[[ Supplied material, beginning ]]

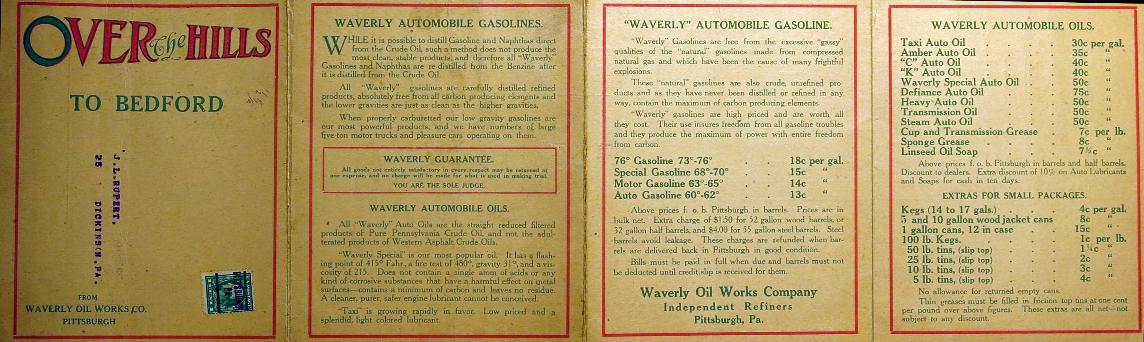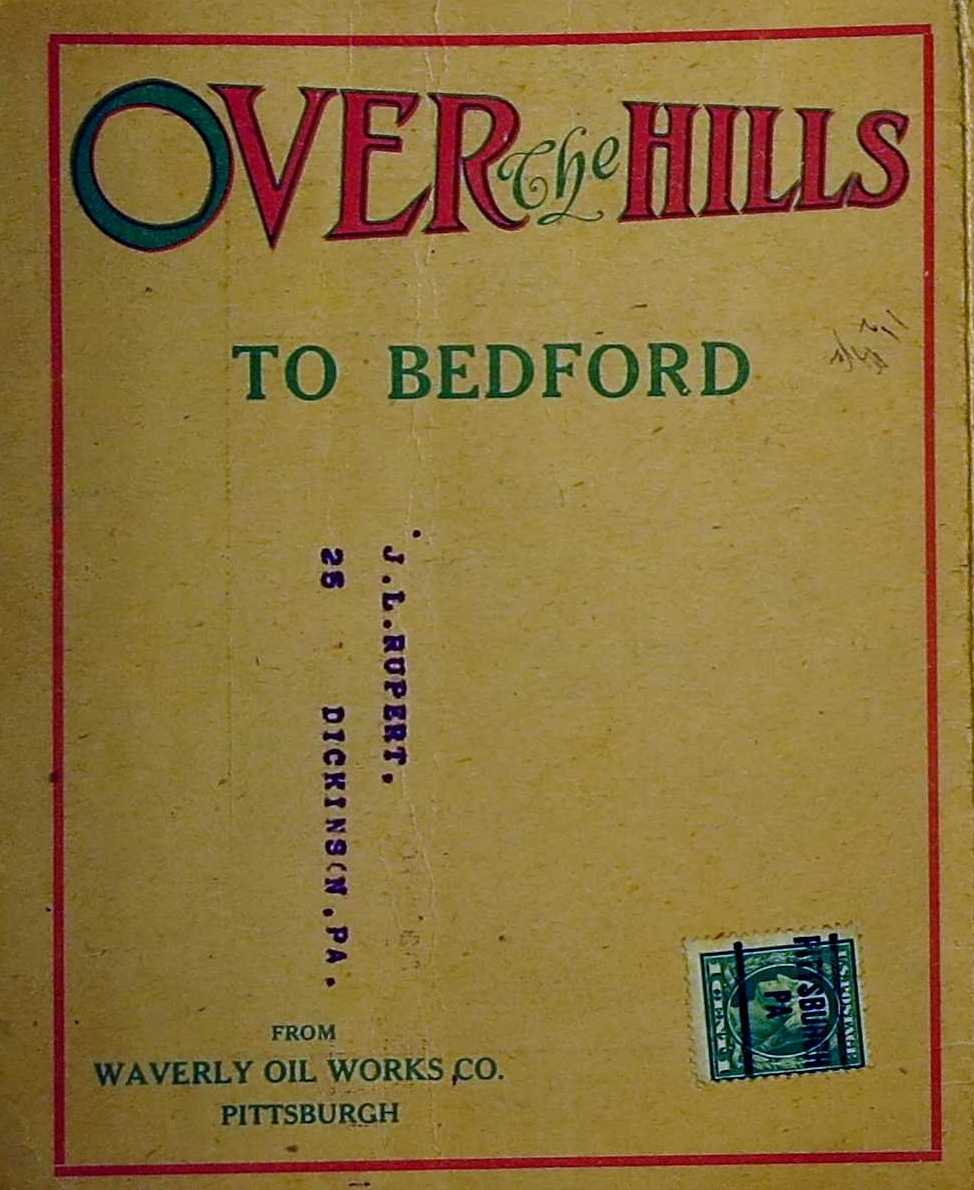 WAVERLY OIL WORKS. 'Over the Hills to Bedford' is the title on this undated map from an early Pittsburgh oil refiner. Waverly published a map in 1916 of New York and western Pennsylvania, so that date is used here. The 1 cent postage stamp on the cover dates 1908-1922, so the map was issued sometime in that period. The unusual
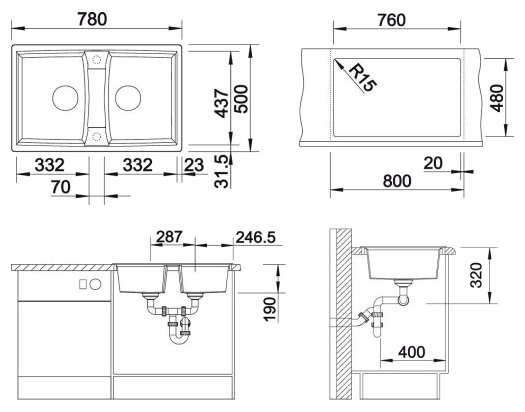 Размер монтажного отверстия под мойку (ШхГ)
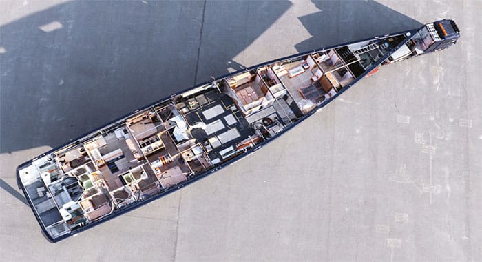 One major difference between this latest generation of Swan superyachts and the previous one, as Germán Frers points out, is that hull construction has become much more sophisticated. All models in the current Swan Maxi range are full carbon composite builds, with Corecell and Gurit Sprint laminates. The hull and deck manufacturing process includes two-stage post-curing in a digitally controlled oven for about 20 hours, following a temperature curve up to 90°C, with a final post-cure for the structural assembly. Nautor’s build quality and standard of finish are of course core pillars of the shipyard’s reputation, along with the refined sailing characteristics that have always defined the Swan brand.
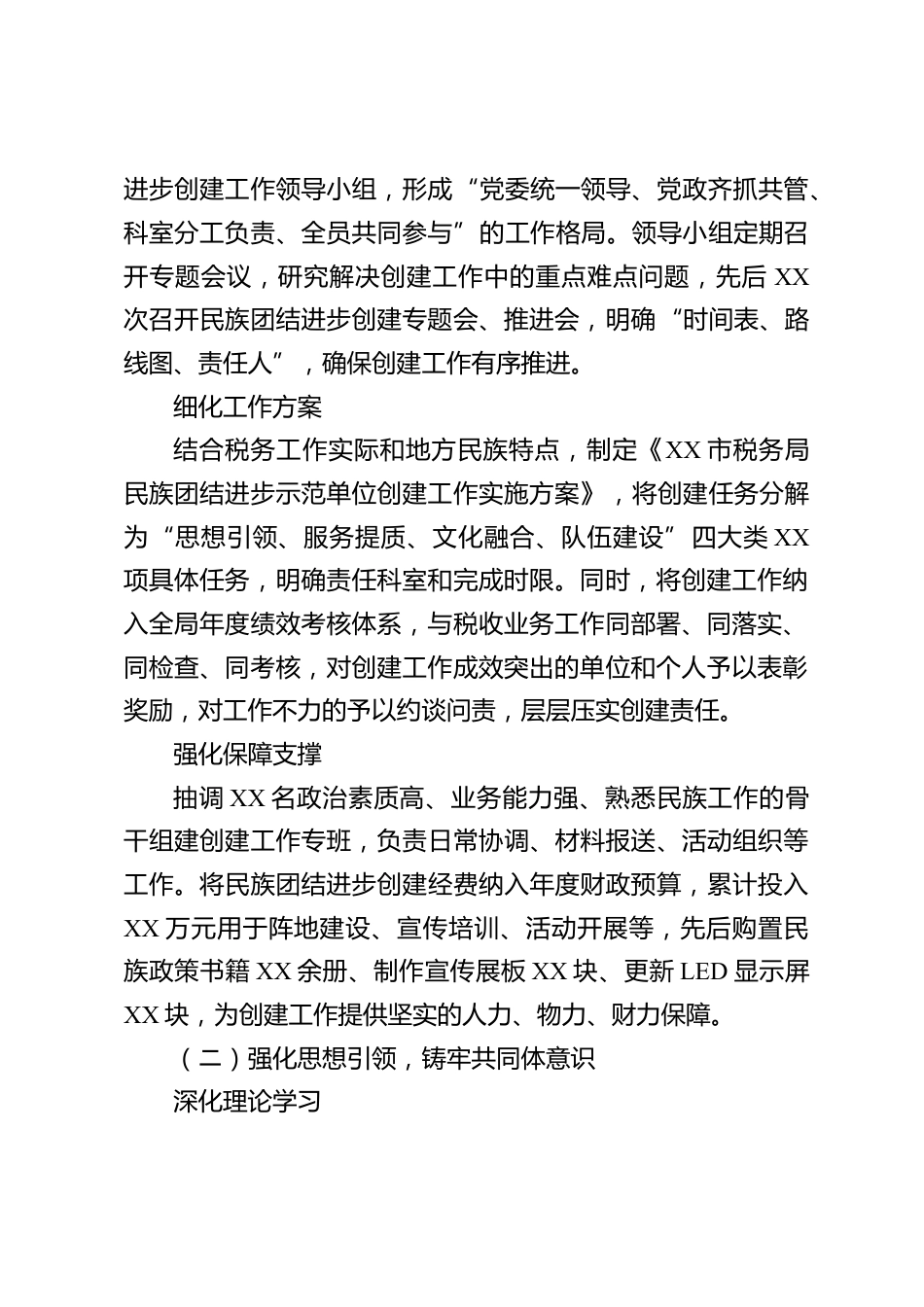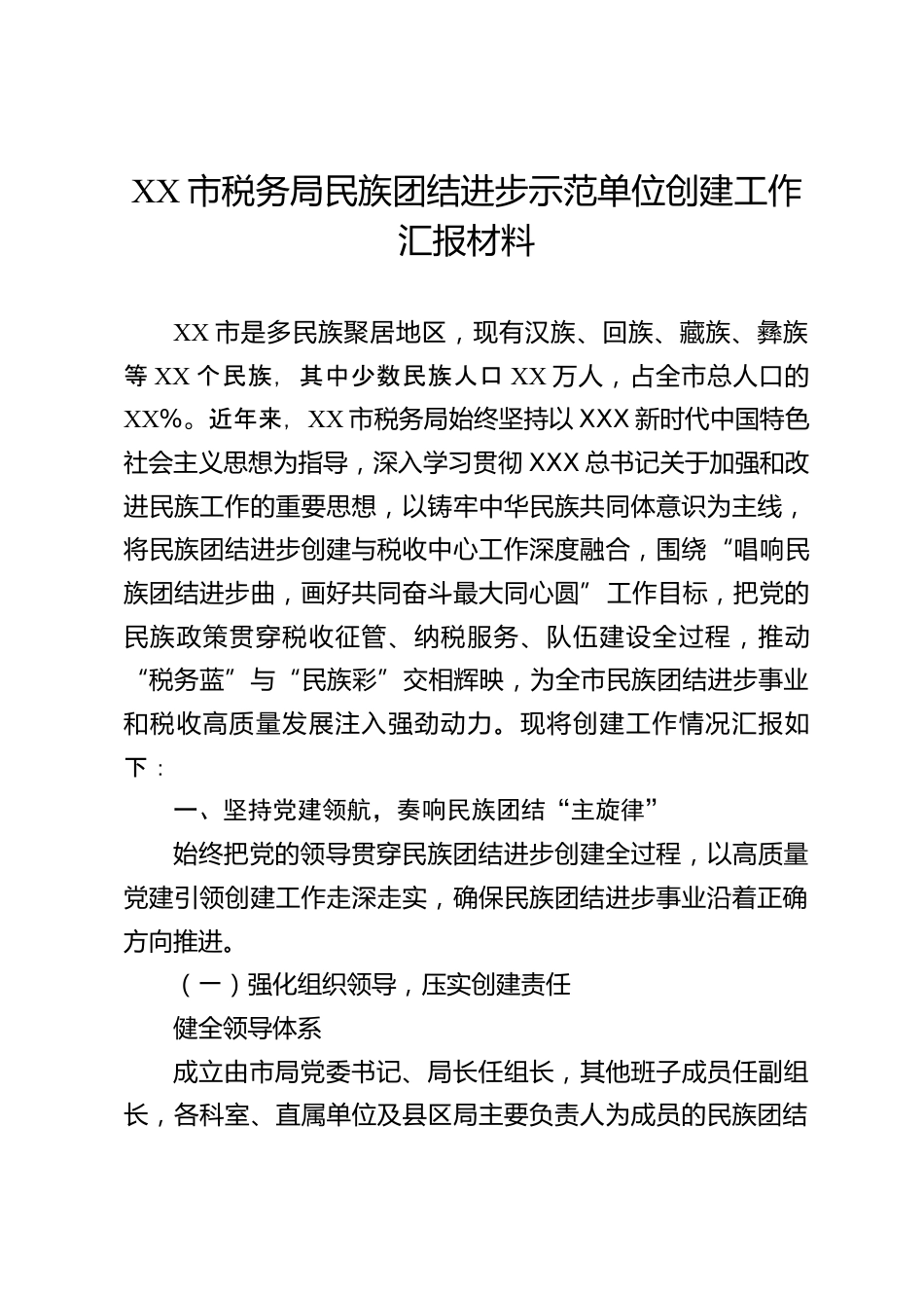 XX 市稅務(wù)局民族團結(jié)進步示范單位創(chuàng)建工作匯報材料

[[ Supplied material, end ]]

* Required action
Print the whole listing exactly. No pictures belong in the copy.

* Solution to the exercise
 WAVERLY OIL WORKS. 'Over the Hills to Bedford' is the title on this undated map from an early Pittsburgh oil refiner. Waverly published a map in 1916 of New York and western Pennsylvania, so that date is used here. The 1 cent postage stamp on the cover dates 1908-1922, so the map was issued sometime in that period. The unusual
 Размер монтажного отверстия под мойку (ШхГ)
 One major difference between this latest generation of Swan superyachts and the previous one, as Germán Frers points out, is that hull construction has become much more sophisticated. All models in the current Swan Maxi range are full carbon composite builds, with Corecell and Gurit Sprint laminates. The hull and deck manufacturing process includes two-stage post-curing in a digitally controlled oven for about 20 hours, following a temperature curve up to 90°C, with a final post-cure for the structural assembly. Nautor’s build quality and standard of finish are of course core pillars of the shipyard’s reputation, along with the refined sailing characteristics that have always defined the Swan brand.
 XX 市稅務(wù)局民族團結(jié)進步示范單位創(chuàng)建工作匯報材料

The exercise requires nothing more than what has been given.